NEW YORK (MainStreet) — Banks and credit card issuers are certainly taking steps to enhance their mobile payment offerings, but widespread adoption of the technology may still be a long way off.
Just this week, Chase and Capital One announced that their credit, debit and prepaid cards will be available on Isis, the mobile-commerce venture created by AT&T, T-Mobile USA and Verizon Wireless, by this summer. The move builds on partnerships Isis had already established with Visa, MasterCard, Discover and American Express last July.
Amex also has planned for its own digital-commerce platform that it launched in March 2011 called Serve, planned for later this year.
But many industry experts believe the mass use of these digital payment platforms isn’t as close as it seems. Visa President John Partridge even said in a conference in New York earlier this month that it would be some time before consumers fully embraced the idea of a digital wallet. Here’s why.
The benefits of mobile banking are still unclear to consumers.
Mobile banking may sound awesome in theory, but research from Javelin Strategy & Research found that a very small percentage of consumers (12%) actually use their phones to make contactless payments.
“They don’t see the benefit,” says Mary Monahan, research director of mobile for Javelin. She explains that some banks are starting to do a better job of illustrating what mobile banking affords consumers, citing Chase’s commercial that features newlyweds cashing checks while on their honeymoon as one example. But more financial institutions will need to make a similar advertising push to get reluctant consumers on the mobile payment bandwagon.
“You’re trying to change 30 years of behavior,” says Calvin Grimes, product manager of mobile solutions for electronic commerce system provider Fiserv. “In order to do that, you have to give [consumers] incentives.”
Grimes says that these incentives can be related to saving time and money or to providing security enhancements.
Security concerns persist.
Unfortunately, research also shows that a majority of consumers aren’t sold on the security of digital commerce platforms. According to Javelin’s research, 44% of consumers say they stay away from mobile banking because of safety concerns.
As such, “the offerings being shown to consumers need to be as secure or even more secure” than traditional payment methods, Monahan says, to change the public’s perception. (Google Wallet’s hack earlier this month probably did little to quell those fears.)

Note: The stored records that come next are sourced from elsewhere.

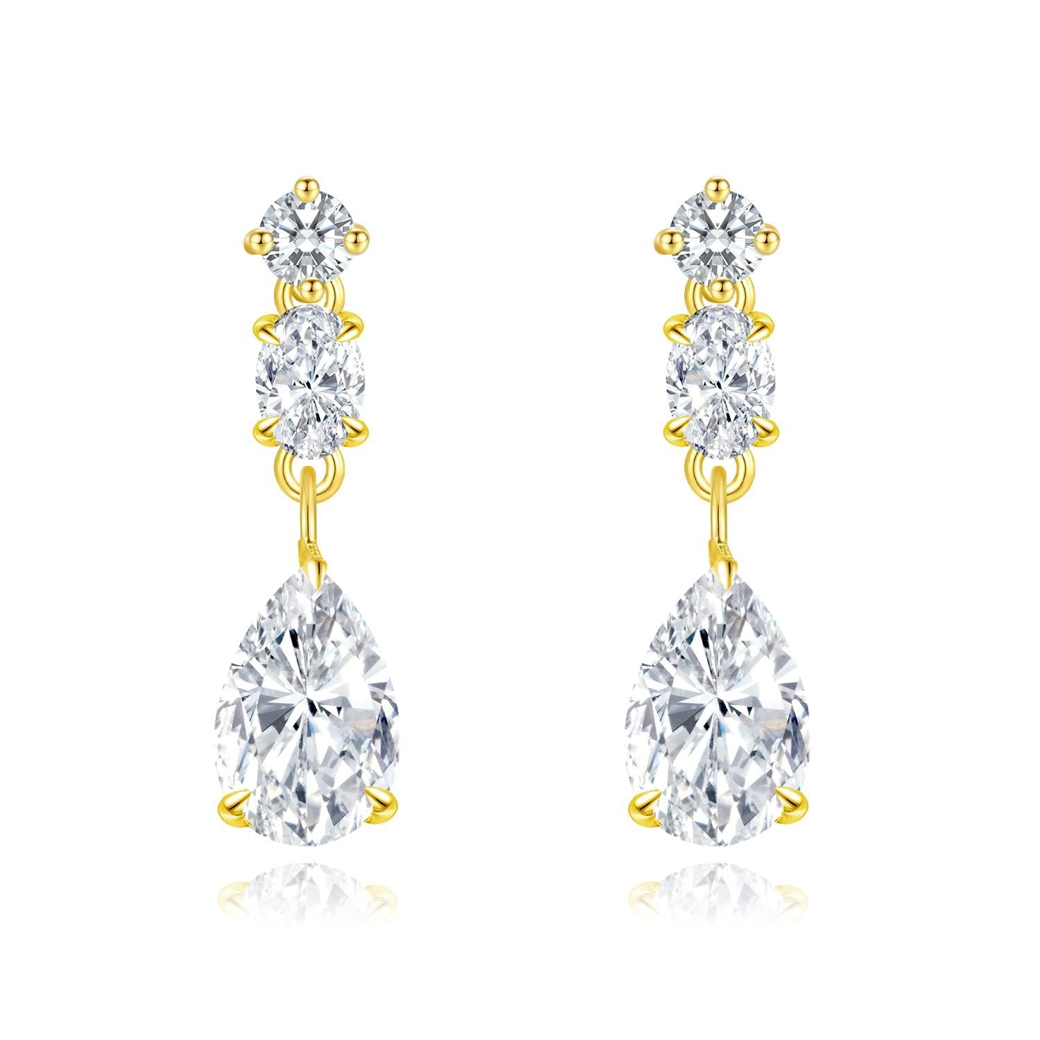 Light Luxury14k Gold Inlaid Cultivated Diamond Earrings for Women, Unique Pear-Shaped Water Drop Earrings k Gold earrings2024Popular
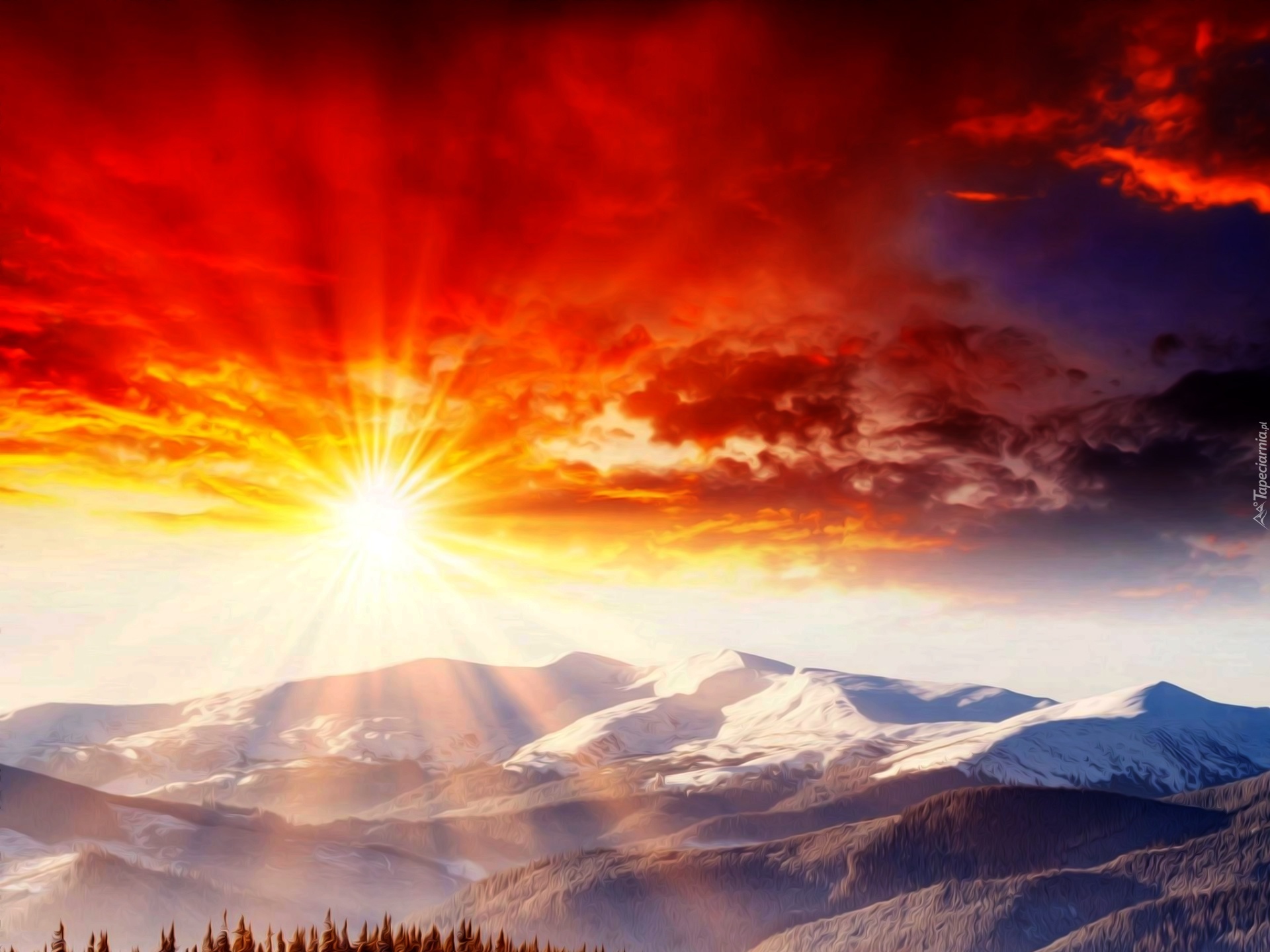 Edytor tapety: Chmury, Niebo, Góry, Promienie słońca
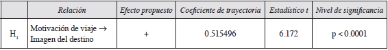 La hipótesis de investigación planteada en la primera parte de este trabajo fue que existe un efecto determinante directo y positivo de la motivación de viaje sobre la imagen percibida del destino. La evidencia empírica obtenida a partir del contraste del modelo con los datos recogidos de la población objeto de estudio muestra un efecto positivo y directo de la motivación de viaje sobre la imagen del destino a partir del coeficiente de correlación R2 obtenido, de 0.265736, el cual es estadísticamente significativo (p < 0.0001), por lo tanto, la hipótesis puede aceptarse.
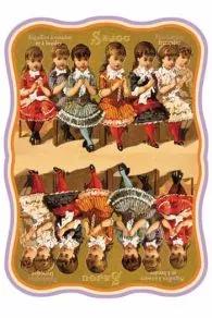 L’extĂ©rieur est un chromo du XIXe siècle reprĂ©sentant de petites filles suivant un cours de couture. L’intĂ©rieur est un papier fleuri dans les tons de rose et de vert.
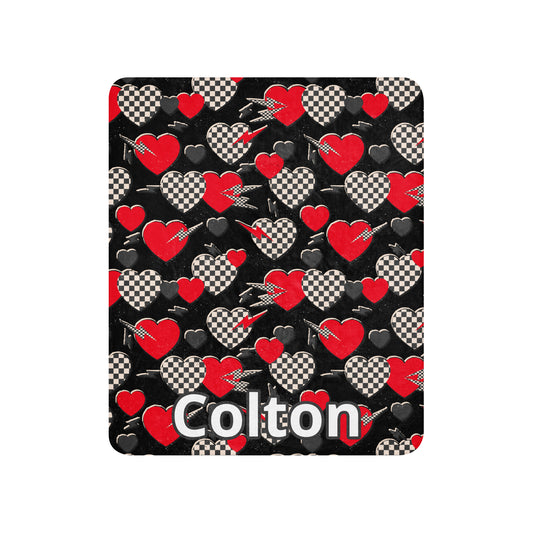 Red and Black Check Hearts Sherpa blanket

Additionally, Grimes cites research that consumers want to get mobile banking services directly from their financial institutions, instead of having to sign up for a service they aren’t already a part of – a desire that bucks the current trend.
“They want to stay with known brands and known networks,” he says.
The technology may exist, but a majority of consumers don’t have it yet.
A majority of consumers don’t own a smartphone or other mobile device with an NFC chip, the mobile equivalent of a credit or debit card’s magnetic strip that’s actually more secure since the codes associated with them change periodically.
Grimes says this could change easily, if, for instance, Apple decided to add such chips to the next iPhone model, but until then there’s a gap that will stand in the way of widespread adoption.
He says to expect a surge in person-to-person payment options that will precede mass migration to a full-on digital wallet.
“That time is going to come,” he said. “Financial institutions need to think about it more strategically.”